Разъярённый главврач Лапшин выпроваживает из родильного двух дамочек в халатах. Обе в слезах. Новенькие. А ведь действительно говорил он им обо всём при приеме, предупреждал, но дамы, видимо, решили, что указания местного начальства можно корректировать по своему усмотрению. Ошибочка вышла. У Лапшина с этим строго. Не порезвишься.
Вот он большой, как самовар, стоит со стаканом горячего чая перед окном в своем кабинете и смачно ругается уже по другому поводу. Лапшин – в матерщине мастер уникальнейший. Как закатит «соловьиную руладу» – залюбуешься разнообразием могучего русского языка. Сколько же в нём нюансов и коленцев неведомых кроется!
Мат я как бы пропускаю, но в остальном смысл произносимого примерно таков:
– Вот же какие девчонки нехорошие, нехорошие, совсем очень нехорошие! Это ж надо! Я их только что в туалете поймал курящими, нехорошие они такие, и выпроводил на нехорошо! Их, нехороших, сюда на сохранение привезли, обеим семнадцати нет, вместо мозгов одно нехорошее, а они, глянь, курят, стоят за уличными дверями! Нехорошо! Нехорошо, нехорошо! Попростужаются же, нехорошие такие девочки!
Какие из них будущие матери? Как они детей растить будут? У обеих на локтях синё, поистыкано уже с такого возраста, да и по глазам нехорошим видно, чем занимались.
Вот эта, нехорошая такая, отказную хочет написать на младенчика своего. Ещё не родила, а уже отказывается, ах, какая же она нехорошая матушка!
Девушки в махровых халатах с большими выпирающими животами тем временем накурились, намерзлись на осеннем ветру у порога роддома и, разговаривая друг с другом, вальяжно зашли обратно. Им-то не слышно…

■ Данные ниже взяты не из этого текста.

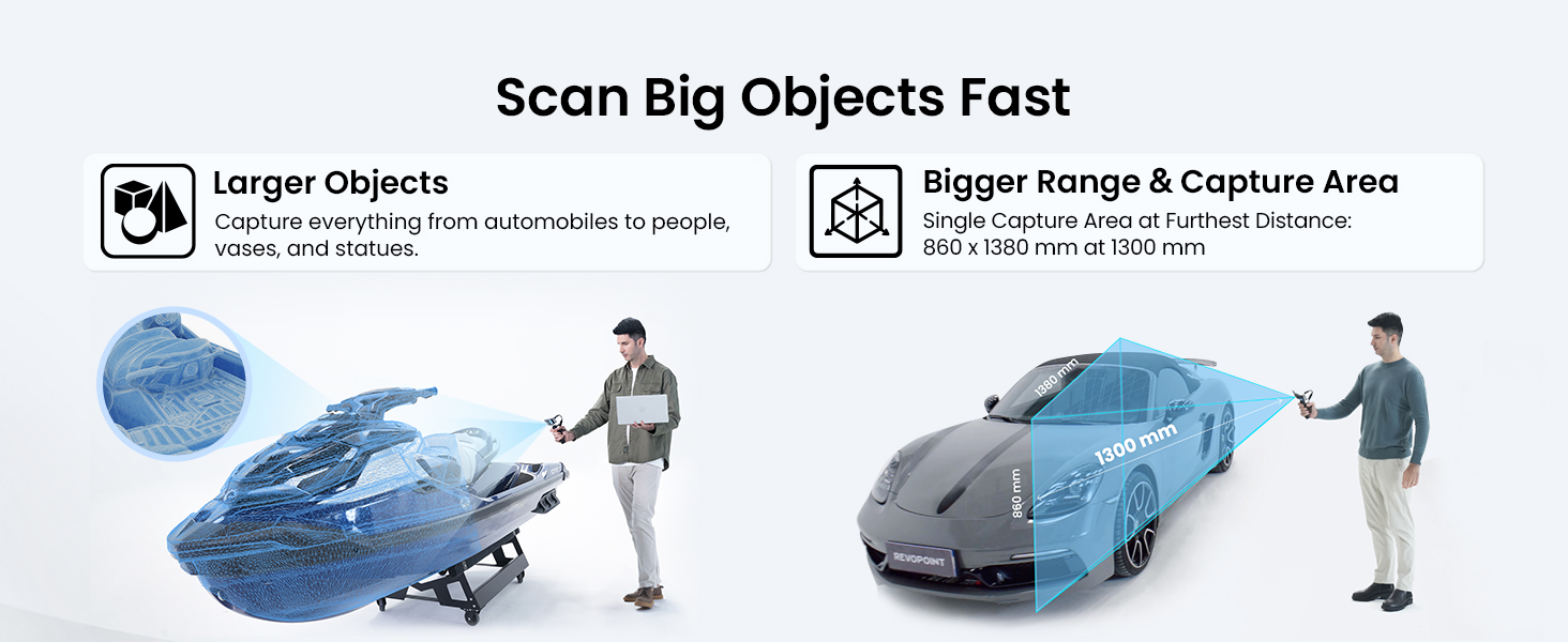 المسح الموسع: مسح سريع ثلاثي الأبعاد للسيارات والآلات الكبيرة أو المكونات والأثاث والأشخاص الذين يتمتعون بمساحة التقاط فردية أكبر بنسبة 60% في RANGE 2 تبلغ 860 × 1380 مم عند 1300 مم ومسافة مسح من 400 مم إلى 1300 مم.
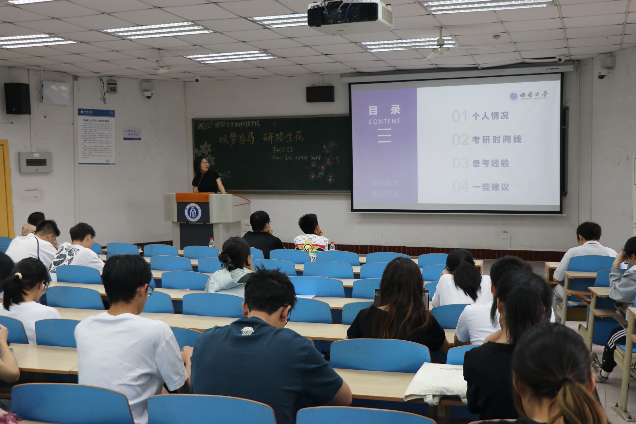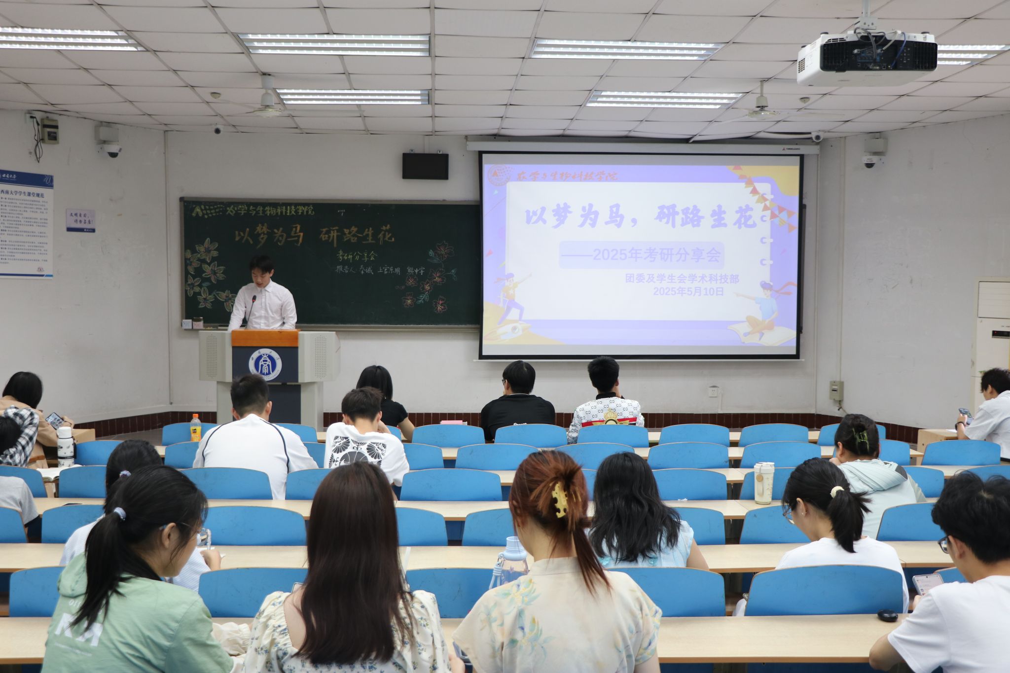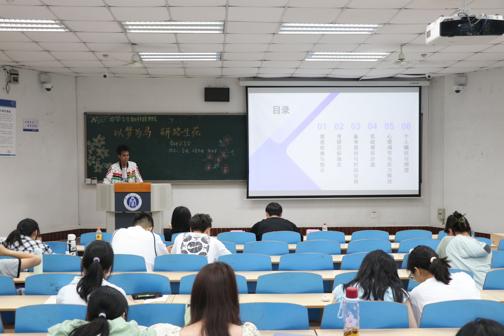 在32教312教室成功举办“以梦为马,研路生花”考研经验分享会。2021级秦诚、上官东明、熊中宇三位优秀学子化身“研路引航员”,围绕目标定位、备考策略、心态管理等内容展开深度分享,并为低年级同学们答疑解惑。

В роддоме номер четыре обычного сибирского города, в котором служил врачебную службу главврач Лапшин, пусть было также бедно, как и везде у бюджетников, но, по крайней мере, чисто и ответственно по отношению к роженицам и малышам.
Здесь невозможны были ситуации, чтобы женщину в предродовой оставили одну, чтобы кому-то сделали кесарево сечение и забыли убрать послед, чтобы шов на матке нечаянно подшили к тканям мочевого пузыря, чтобы кого-то случайно заразили лишаем или чем-то ещё, чтобы родившую вывезли в коридор и оставили там на полдня зимой под открытым окном, чтобы кормящим матерям давали гороховый суп или салат с огурцами, чтобы посетители проходили прямо в палаты в верхней одежде и грязной уличной обуви…
Вроде бы так и должно быть, но если честно, без вранья: всегда ли и везде ли у нас по жизни есть то, что должно быть?